Ben tuned out of Althea’s rant, then resumed his anecdote:

“I quietly got in touch with a buddy that works there, and they told me that they do a lot of stuff with streaming events, and that while they don’t think there’s a direct correlation between generating primes and job performance, they do take the attitude that manipulating lazy lists is sufficiently close to working with streams to be relevant.”

Althea considered this. “Maybe, go on…”

Ben went on. “So I took a crack at it as an exercise. I stressed the use of iterators in my algorithm, as this seems to be what they’re looking for.”

the unfaithful sieve

“I had a look at the tweaker.news post. It described its algorithm as the Sieve of Eratosthenes. The definition of which is:”

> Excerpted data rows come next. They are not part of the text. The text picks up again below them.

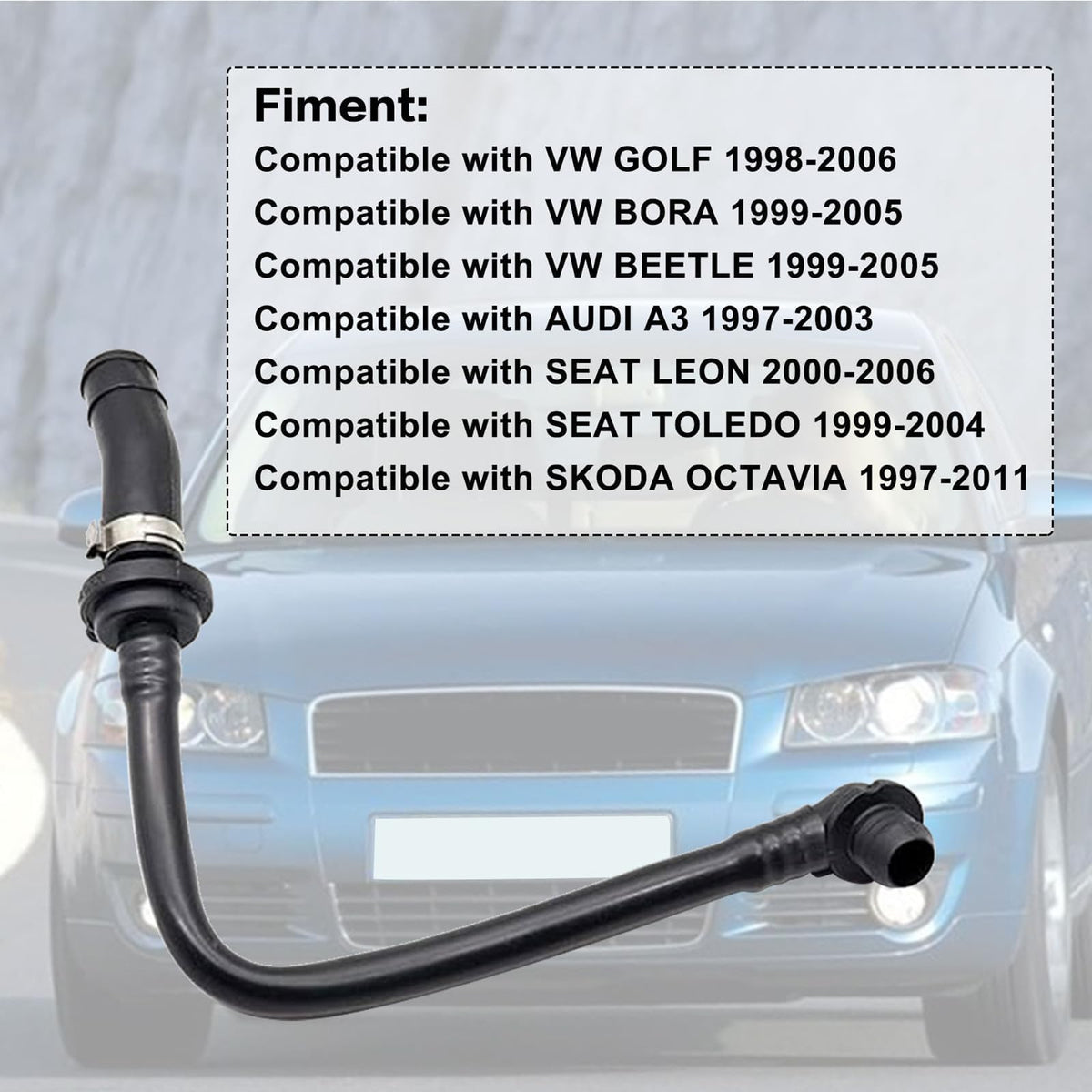 Q: What vehicles are compatible with the SecosAutoparts Brake Booster Vacuum Hose?A: The SecosAutoparts Brake Booster Vacuum Hose is compatible with several VW models including the Golf (1998-2006), Bora (1999-2005), Beetle (1999-2005), as well as the Audi A3 (1997-2003), SEAT Leon (2000-2006), Toledo (1999-2004), and Skoda Octavia (1997-2011).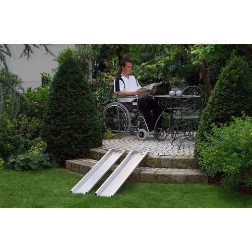 Hliníkové nájezdové rampy s využitelnou šířkou 21 cm.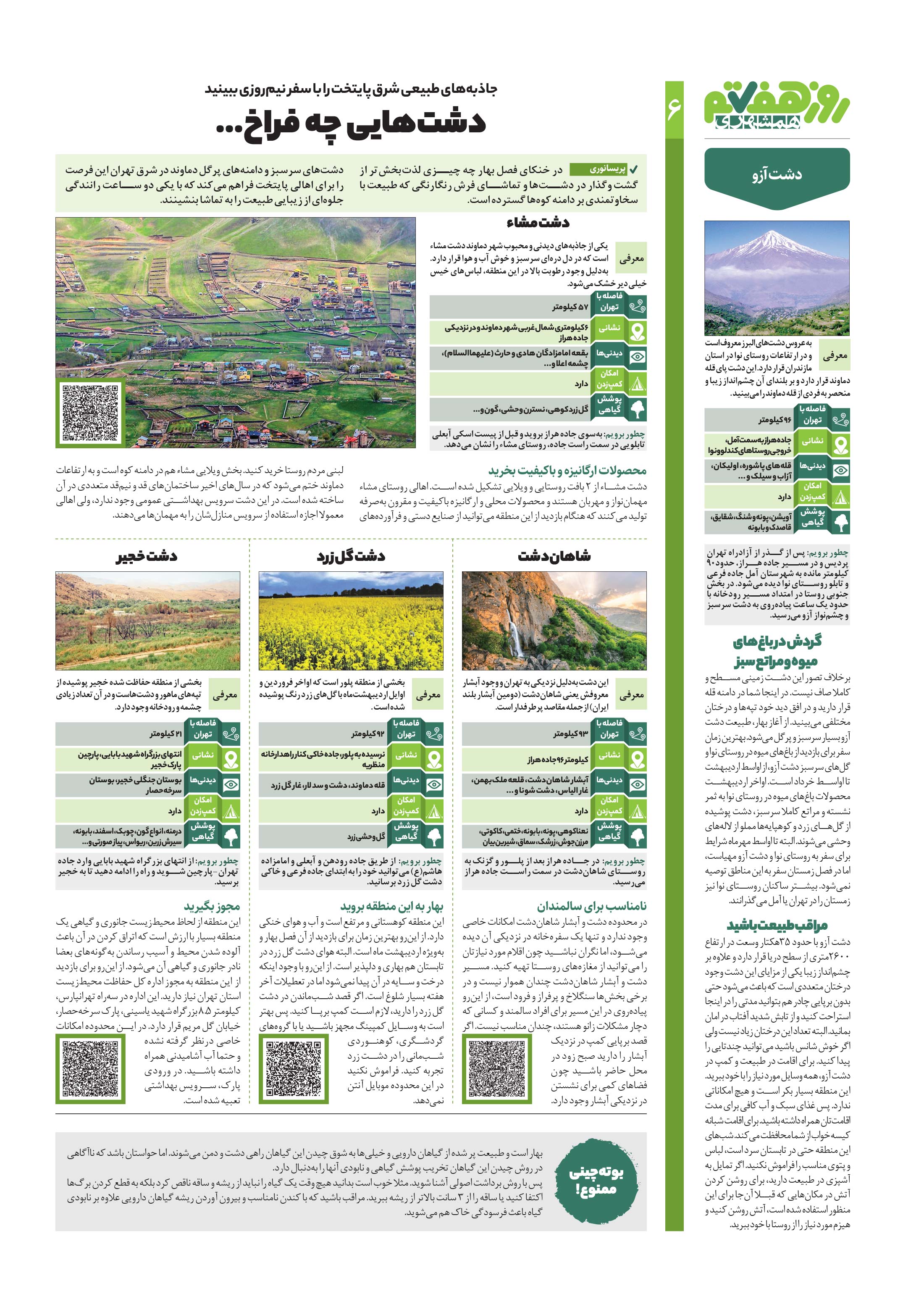 در خنکای فصل بهار چه چیزی لذتبخشتر از گشت وگذار در دشتها و تماشای فرش رنگارنگی که طبیعت با سخاوتمندی بر دامنه کوهها گسترده است.

We start with a table of numbers (e.g., 2, 3, 4, 5, . . . ) and progressively cross off numbers in the table until the only numbers left are primes. Specifically, we begin with the first number, p, in the table, and:

Declare p to be prime, and cross off all the multiples of that number in the table, starting from p squared, then;

Find the next number in the table after p that is not yet crossed off and set p to that number; and then repeat from step 1.

“The code in the blog post was the most naïve possible mapping from words to code:”

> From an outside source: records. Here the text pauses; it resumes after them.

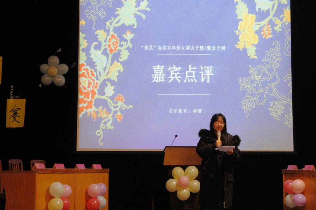 为丰富学生课余生活,培养学生的敏捷思维和应变能力,历时近1个月的文法学院新生辩论赛经过初赛、复赛,11月25日下午6点半,迎来了决赛的日子。由文法学院团委学生会主办、学艺部辩论队承办的新生辩论赛决赛在龙湖报告厅举行,文法学院团委副书记刘瑜老师,原校辩论队教练王龙威,原文法学院第十八届团委学生会主席陈云涛,文法学院第十九届团委副书记袁韵凌、杨柳、张帆,文法学院第十九届学生会主席王怡雯,副主席崔辛格、张卓,文法学院往届辩论队部分代表和文法学院20级全体学生到场观看。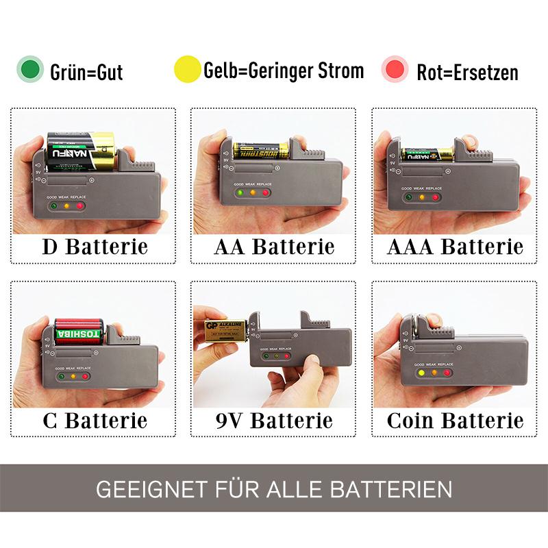 Herausnehmbarer Leistungstester- Überprüfen Sie Ihre Batterien (auch wiederaufladbar und Lithium) und werfen Sie nie wieder eine gute Batterie heraus. Der Tester wird direkt von der zu testenden Batterie gespeist.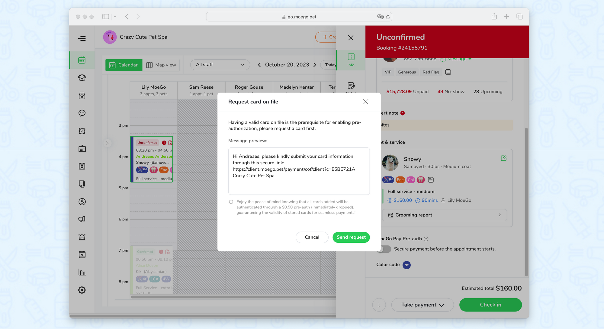 Once MoeGo Pay Pre-auth is enabled, the following is the charging process for appointments with a card on file: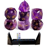 Crafted from natural gemstones and finished with diamond cutting techniques, this 7-piece D&D dice set blends practicality for tabletop gaming with high-end collectible value. It is an ideal choice for Dungeons & Dragons (D&D) players, tabletop role-playing enthusiasts, and gemstone collectors alike. The set includes 7 core polyhedral dice: d4 (4-sided), d6 (6-sided), d8 (8-sided), d10 (10-sided), d10 (10-sided with 00-90 double-digit marking), d12 (12-sided), and d20 (20-sided), fully meeting all in-game needs such as numerical calculations and skill checks.

// General-Purpose Lazy Operations

function * range (from = 0, to = null) {
  let number = from;

  if (to == null) {
    while (true) {
      yield number++
    }
  }
  else {
    while (from <= to) {
      yield number++;
    }
  }
}

function * take (numberToTake, iterable) {
  const iterator = iterable[Symbol.iterator]();

  for (let i = 0; i < numberToTake; ++i) {
    const { done, value } = iterator.next();
    if (!done) yield value;
  }
}

function * compact (list) {
  for (const element of list) {
    if (element != null) {
      yield element;
    }
  }
}

// The implementation

function * nullEveryNth (skipFirst, n, iterable) {
  const iterator = iterable[Symbol.iterator]();

  yield * take(skipFirst, iterator);

  while (true) {
    yield * take(n - 1, iterator);
    iterator.next();
    yield null;
  }
}

function * sieve (iterable) {
  const iterator = iterable[Symbol.iterator]();
  let n;

  do {
    const { value } = iterator.next();

    n = value;
    yield n;
  } while (n == null);

  yield * sieve(nullEveryNth(n * (n - 2), n, iterator));
}

const Primes = compact(sieve(range(2)));

Althea chimed in: “Naïve is right! This mimics what a child does when the sieve is explained to them for the first time. Given a big table of numbers, they start crossing them out using what we know to be modulo arithmetic: They scan forward number by number, counting as they go:”

One TWO (cross out), one TWO (cross out), one TWO (cross out), …

One two THREE (cross out), one two THREE (cross out), one two THREE (cross out), …

One two three four FIVE (cross out), one two three four FIVE (cross out), one two three four FIVE (cross out), …

ben’s sieve

Ben continued. “Yes, it’s naïve, but it’s terrible for other reasons: I dislike how everything is jumbed together. And it looks to me like the author was focused on showing how carelessly using an eager version of compact would break everything, rather than writing a good lazy sieve.”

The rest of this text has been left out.